• **WHAT THE TASK REQUIRES**
Going down the listing below, print exactly each line from the one with "- Cada vez que" up to and including the one with "Os cozinheiros da", and skip the rest.

• **INPUT MATERIAL**
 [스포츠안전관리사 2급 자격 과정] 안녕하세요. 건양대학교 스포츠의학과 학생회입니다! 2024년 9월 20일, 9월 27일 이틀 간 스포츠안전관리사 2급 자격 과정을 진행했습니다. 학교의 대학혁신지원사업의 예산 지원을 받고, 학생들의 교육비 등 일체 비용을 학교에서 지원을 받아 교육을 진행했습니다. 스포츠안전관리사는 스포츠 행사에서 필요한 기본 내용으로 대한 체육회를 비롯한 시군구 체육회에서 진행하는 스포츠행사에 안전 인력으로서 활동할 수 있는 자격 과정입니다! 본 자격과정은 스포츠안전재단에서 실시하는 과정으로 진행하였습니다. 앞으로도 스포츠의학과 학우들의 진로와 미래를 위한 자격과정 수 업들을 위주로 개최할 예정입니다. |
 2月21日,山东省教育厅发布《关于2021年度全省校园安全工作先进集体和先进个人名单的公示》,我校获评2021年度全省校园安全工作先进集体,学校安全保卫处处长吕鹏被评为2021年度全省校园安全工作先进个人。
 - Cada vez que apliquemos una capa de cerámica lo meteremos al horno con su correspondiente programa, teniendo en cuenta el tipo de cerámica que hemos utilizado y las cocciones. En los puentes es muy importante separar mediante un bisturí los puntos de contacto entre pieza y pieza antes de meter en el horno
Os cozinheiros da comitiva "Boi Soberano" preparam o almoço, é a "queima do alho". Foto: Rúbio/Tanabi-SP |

...

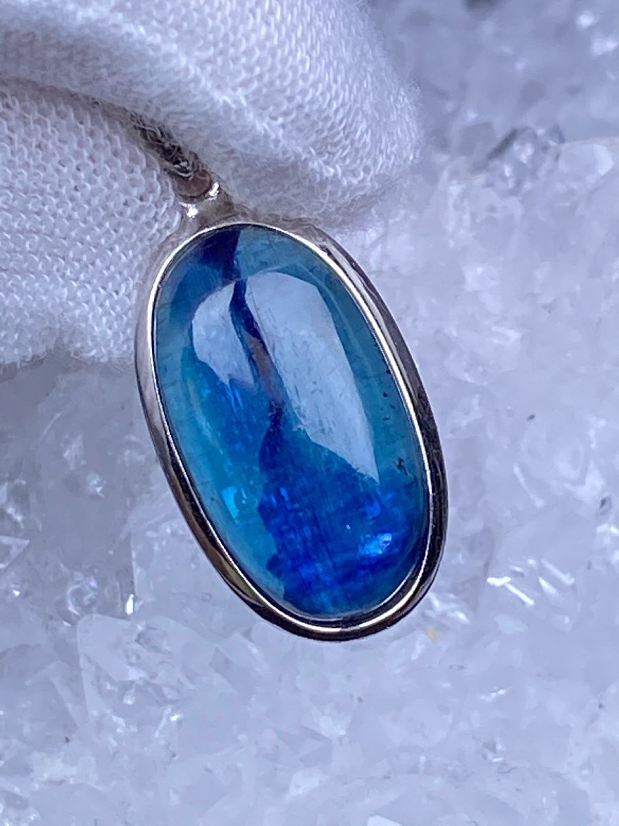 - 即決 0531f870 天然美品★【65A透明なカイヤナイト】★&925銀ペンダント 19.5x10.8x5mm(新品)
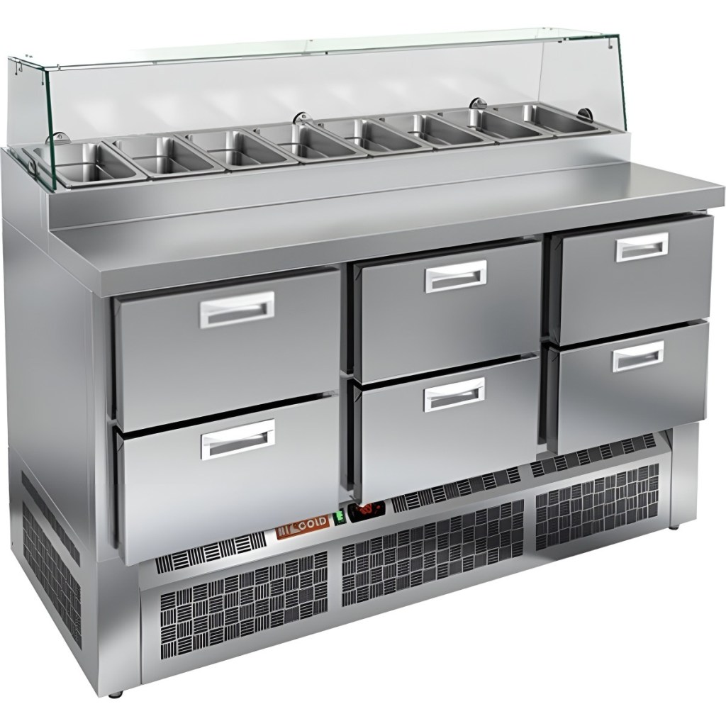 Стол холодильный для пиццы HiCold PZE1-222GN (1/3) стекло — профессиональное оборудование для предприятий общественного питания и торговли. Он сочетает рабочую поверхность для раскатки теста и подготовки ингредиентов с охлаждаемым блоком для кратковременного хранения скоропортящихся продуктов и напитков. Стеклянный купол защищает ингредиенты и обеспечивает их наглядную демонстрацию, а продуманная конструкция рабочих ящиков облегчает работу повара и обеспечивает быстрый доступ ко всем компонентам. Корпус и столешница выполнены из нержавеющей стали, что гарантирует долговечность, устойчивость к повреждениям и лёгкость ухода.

• **TASK SOLUTION**
 - Cada vez que apliquemos una capa de cerámica lo meteremos al horno con su correspondiente programa, teniendo en cuenta el tipo de cerámica que hemos utilizado y las cocciones. En los puentes es muy importante separar mediante un bisturí los puntos de contacto entre pieza y pieza antes de meter en el horno
Os cozinheiros da comitiva "Boi Soberano" preparam o almoço, é a "queima do alho". Foto: Rúbio/Tanabi-SP |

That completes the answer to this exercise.